SOGEN FUNDS, INC.
SOGEN INTERNATIONAL FUND
SOGEN OVERSEAS FUND
SOGEN GOLD FUND
SOGEN MONEY FUND
SUPPLEMENT DATED OCTOBER 29, 1999 TO PROSPECTUS AND STATEMENT OF ADDITIONAL
INFORMATION DATED AUGUST 1, 1999.
On October 11, 1999, Societe Generale Asset Management S.A., ("SGAM S.A."),
owner of 80.1% of the outstanding equity securities of Societe Generale Asset
Management Corp. ("SGAM Corp."), investment adviser to each of the separate
portfolios (each a "Fund" and, collectively, the "Funds") of SoGen Funds, Inc.
and SoGen Variable Funds, Inc. (each a "Company" and collectively the
"Companies"), announced that it had signed a Stock Purchase Agreement (the
"Purchase Agreement") with Arnhold & S. Bleichroeder, Inc. ("A&SB"), a
privately-owned investment firm. Under the Purchase Agreement, A&SB agreed to
purchase all of the shares of SGAM Corp. held by SGAM S.A. SGAM S.A. also
announced that Mr. Jean-Marie Eveillard, Chief Executive Officer of SGAM Corp.
and owner of the remaining 19.9% of the equity of SGAM Corp. has entered into an
agreement with A&SB providing for the eventual sale of his shares of SGAM Corp.
to A&SB in three installments over a period of approximately seven years.
If the stock purchase contemplated by the Purchase Agreement (the
"Transaction") occurs, Arnhold & S. Bleichroeder Advisers, Inc. ("A&SB
Advisers"), a wholly-owned subsidiary of A&SB, would become the investment
adviser to the Funds. The primary investment management team of SGAM Corp.,
including Jean-Marie Eveillard, would join A&SB Advisers and would continue to
manage the portfolios of the Funds. The investment objectives and policies of
each Fund would remain unchanged.
In order to permit the Transaction to take place, a new investment
advisory agreement between the Funds and A&SB Advisers would have to be approved
by the Board of Directors of the Companies, as well as by the shareholders of
each Fund. These new agreements, the terms of which are substantially the same
as those of the existing agreements between the Funds and SGAM Corp., were
unanimously approved by the Board of Directors, including the independent
directors, on October 20, 1999 and will be submitted to the shareholders of the
Funds for their consideration and approval at special meetings of shareholders.
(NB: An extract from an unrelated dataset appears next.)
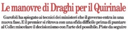 Persino il buon Draghi in questa situazione ha dovuto rallentare il passo facendo spiegare dal suo sottosegretario di fiducia Roberto Garofali agli alti burocrati dei vari Ministeri, secondo le anticipazioni del Foglio, che il governo entra forzatamente “in una nuova fase”: non dico “spiaggiato” -come lo rappresenta impietosamente il manifesto sulla sua prima pagina giocando con la questione delle concessioni demaniali agli stabilimenti balneari contestate dall’Unione Europea perché prive di gara- ma quasi sulla sabbia della corsa al Quirinale, in cui Draghi è ormai coinvolto.

Neither of the new agreements would increase the amounts paid by the Funds for
advisory services.
Subject to receipt of shareholder approval, and the satisfaction of
other conditions contained in the Purchase Agreement, it is presently
anticipated that the closing of the Transaction will occur late in the fourth
quarter of 1999 or early in the first quarter of 2000.
* * *
The paragraph under the heading "Investment Objective, Principal
Investment Strategies, and Related Risks -- International Fund Investment
Objective and Policies" on page 9 of the prospectus is corrected to read, in its
entirety, as follows:
"INTERNATIONAL FUND'S investment objective is to provide long-term
growth of capital. In seeking to achieve this objective, INTERNATIONAL FUND will
normally invest its assets primarily in common stocks (and in securities
convertible into common stocks) of united states and foreign companies. However,
INTERNATIONAL FUND reserves the right to invest a portion of its assets in
fixed-income securities (including lower-rated securities) of domestic or
foreign issuers which, in addition to the income they may provide, appear to
offer potential for long-term growth of capital. When deemed appropriate by
INTERNATIONAL FUND'S investment adviser for short-term investment purposes,
INTERNATIONAL FUND may hold a portion of its assets in short-term debt
instruments including commercial paper and certificates of deposit."